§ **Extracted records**
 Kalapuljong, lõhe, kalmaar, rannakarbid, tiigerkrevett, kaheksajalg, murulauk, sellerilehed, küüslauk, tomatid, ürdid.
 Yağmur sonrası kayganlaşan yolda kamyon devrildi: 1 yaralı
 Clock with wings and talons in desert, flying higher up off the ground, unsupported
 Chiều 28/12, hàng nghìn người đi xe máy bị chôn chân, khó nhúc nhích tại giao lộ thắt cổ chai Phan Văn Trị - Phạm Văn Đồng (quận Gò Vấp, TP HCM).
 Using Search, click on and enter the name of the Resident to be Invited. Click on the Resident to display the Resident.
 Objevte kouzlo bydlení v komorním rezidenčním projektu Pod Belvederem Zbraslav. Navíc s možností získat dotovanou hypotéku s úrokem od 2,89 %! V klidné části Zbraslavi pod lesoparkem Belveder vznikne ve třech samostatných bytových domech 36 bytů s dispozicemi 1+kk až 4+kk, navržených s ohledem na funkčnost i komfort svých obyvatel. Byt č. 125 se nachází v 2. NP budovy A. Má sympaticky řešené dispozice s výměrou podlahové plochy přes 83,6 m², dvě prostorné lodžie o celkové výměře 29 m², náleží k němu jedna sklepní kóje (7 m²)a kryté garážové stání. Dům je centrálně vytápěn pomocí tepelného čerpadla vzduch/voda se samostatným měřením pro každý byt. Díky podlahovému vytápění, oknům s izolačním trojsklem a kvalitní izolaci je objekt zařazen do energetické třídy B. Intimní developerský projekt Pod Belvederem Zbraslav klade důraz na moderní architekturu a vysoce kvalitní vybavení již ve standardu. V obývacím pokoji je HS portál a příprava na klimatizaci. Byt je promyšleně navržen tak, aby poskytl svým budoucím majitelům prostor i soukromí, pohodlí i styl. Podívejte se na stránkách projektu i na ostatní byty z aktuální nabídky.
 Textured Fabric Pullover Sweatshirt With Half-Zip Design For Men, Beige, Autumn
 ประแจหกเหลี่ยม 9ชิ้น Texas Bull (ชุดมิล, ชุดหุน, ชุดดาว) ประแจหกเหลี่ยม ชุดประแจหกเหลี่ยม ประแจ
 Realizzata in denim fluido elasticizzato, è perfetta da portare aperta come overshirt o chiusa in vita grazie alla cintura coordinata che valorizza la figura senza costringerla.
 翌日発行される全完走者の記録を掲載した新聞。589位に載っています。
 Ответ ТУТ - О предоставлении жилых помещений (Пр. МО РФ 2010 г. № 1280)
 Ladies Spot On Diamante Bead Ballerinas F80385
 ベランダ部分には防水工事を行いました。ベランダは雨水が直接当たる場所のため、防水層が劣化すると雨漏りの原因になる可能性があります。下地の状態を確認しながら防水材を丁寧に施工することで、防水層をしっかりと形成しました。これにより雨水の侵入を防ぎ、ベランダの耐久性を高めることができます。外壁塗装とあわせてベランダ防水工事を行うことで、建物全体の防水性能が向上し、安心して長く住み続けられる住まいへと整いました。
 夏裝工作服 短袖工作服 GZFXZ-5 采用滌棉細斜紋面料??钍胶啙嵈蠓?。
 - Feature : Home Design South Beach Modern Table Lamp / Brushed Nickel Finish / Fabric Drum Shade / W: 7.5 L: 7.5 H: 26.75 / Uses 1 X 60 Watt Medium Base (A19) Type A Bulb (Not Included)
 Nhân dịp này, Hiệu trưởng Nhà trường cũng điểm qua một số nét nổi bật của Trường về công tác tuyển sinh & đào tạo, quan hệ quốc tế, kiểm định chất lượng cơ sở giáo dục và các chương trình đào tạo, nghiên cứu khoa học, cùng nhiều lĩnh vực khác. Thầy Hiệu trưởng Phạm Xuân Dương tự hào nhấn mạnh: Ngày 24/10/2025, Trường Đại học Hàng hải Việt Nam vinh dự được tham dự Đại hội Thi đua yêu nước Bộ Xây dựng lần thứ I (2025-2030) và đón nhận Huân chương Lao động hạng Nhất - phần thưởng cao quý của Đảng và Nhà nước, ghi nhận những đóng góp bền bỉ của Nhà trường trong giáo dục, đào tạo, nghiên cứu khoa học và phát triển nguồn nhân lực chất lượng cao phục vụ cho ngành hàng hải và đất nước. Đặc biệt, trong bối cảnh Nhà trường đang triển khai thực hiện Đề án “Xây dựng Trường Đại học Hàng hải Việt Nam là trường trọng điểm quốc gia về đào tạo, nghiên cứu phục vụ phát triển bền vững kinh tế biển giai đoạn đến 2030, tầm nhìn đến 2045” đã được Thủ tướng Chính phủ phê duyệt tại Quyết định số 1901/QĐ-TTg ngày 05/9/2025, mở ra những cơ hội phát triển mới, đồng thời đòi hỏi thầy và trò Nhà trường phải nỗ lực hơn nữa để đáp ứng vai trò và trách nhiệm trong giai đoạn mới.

§ **TASK STATEMENT**
In the entries above, the lines between the one holding "ベランダ部分には防水工事を行" and the one holding "- Feature : Home", inclusive, are to be printed exactly as written, and those alone.

§ **SOLUTION FOR THIS EXERCISE**
 ベランダ部分には防水工事を行いました。ベランダは雨水が直接当たる場所のため、防水層が劣化すると雨漏りの原因になる可能性があります。下地の状態を確認しながら防水材を丁寧に施工することで、防水層をしっかりと形成しました。これにより雨水の侵入を防ぎ、ベランダの耐久性を高めることができます。外壁塗装とあわせてベランダ防水工事を行うことで、建物全体の防水性能が向上し、安心して長く住み続けられる住まいへと整いました。
 夏裝工作服 短袖工作服 GZFXZ-5 采用滌棉細斜紋面料??钍胶啙嵈蠓?。
 - Feature : Home Design South Beach Modern Table Lamp / Brushed Nickel Finish / Fabric Drum Shade / W: 7.5 L: 7.5 H: 26.75 / Uses 1 X 60 Watt Medium Base (A19) Type A Bulb (Not Included)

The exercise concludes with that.